In February 2001, MTV News revealed that the first release from the album would be titled "All 4 U"; it would be sent to radio stations in the following weeks, with an accompanying video being filmed shortly thereafter. Jam described the track as an "'80s-sounding" dance number, which "epitomizes the disc's happy vibe". Re-titled as "All for You", the song was made available for download to radio stations on February 27, 2001 as the lead single from the album after being leaked the day prior. On March 6, Virgin Records officially sent the track to contemporary hit, rhythmic contemporary, and urban stations, followed by urban adult contemporary stations a week later. It was made available commercially as a 7-inch vinyl, 12-inch vinyl, cassette, and CD single on March 27, 2001. On April 2, "All for You" was sent to adult contemporary stations in the region, and was released as a maxi CD single in Australia on the same day. In the United Kingdom, the track received a commercial release on April 9, 2001. Afterwards, the song was included on Jackson's greatest hits albums Number Ones (2009) and Icon: Number Ones (2010).

==Recording and composition==
"All for You" was recorded at Flyte Tyme Studios in Edina, Minnesota. It was co-written and produced by Jackson with Jam and Lewis. Due to the sample's usage, Wayne Garfield, David Romani, and Mauro Malavasi also received songwriting credits.

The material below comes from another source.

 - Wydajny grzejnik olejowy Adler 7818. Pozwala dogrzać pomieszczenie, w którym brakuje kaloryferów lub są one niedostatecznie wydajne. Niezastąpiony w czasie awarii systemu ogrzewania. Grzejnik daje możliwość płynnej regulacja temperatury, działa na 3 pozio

Instrumentation included guitar by David Barry, and drums by Alex Richbourg, who also did MIDI programming; Jam and Lewis played all additional instruments on the track. It was recorded and mixed by Steve Hodge, with assistance by Brad Yost and Xavier Smith, and mastered by Brian "Big Bass" Gardner at Bernie Grundman Mastering in Hollywood, along with all tracks present on All for You.

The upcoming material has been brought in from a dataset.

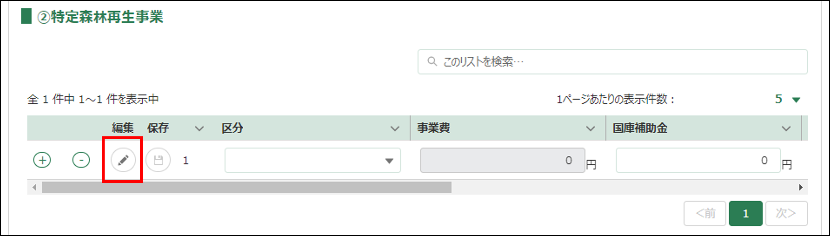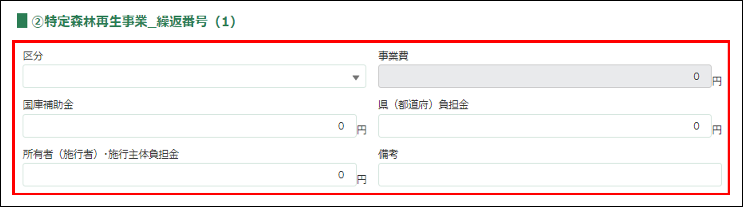➁特定森林再生事業を入力します。

Musically, "All for You" is a dance-pop and R&B song with influences of funk and neo-disco. The track is set in common time with a moderate groove tempo of 112 beats per minute. Composed in the key of G major, Jackson's vocal range spans from G_{3} to E_{5}. It prominently samples Change's "The Glow of Love". Jackson did not know the track or its songwriter, but she found it "so beautiful" and made her dance, and for this reason she included the track on the record. For The Guardians Michael Cragg, the track simultaneously references the 1970s, 1980s and 1990s decades musically, writing in another article for the same publication that it "feels like a throwback to the effortless, loved-up optimism of her 80s imperial phase". Eric Henderson from Slant Magazine described "All for You" as a "sex jam that sounds like a carnival ride". Tom Sinclair of Entertainment Weekly noted that the track "recalls the old McFadden & Whitehead positivity anthem 'Ain't No Stoppin' Us Now'", with some reviewers also comparing the composition to the work of Chic.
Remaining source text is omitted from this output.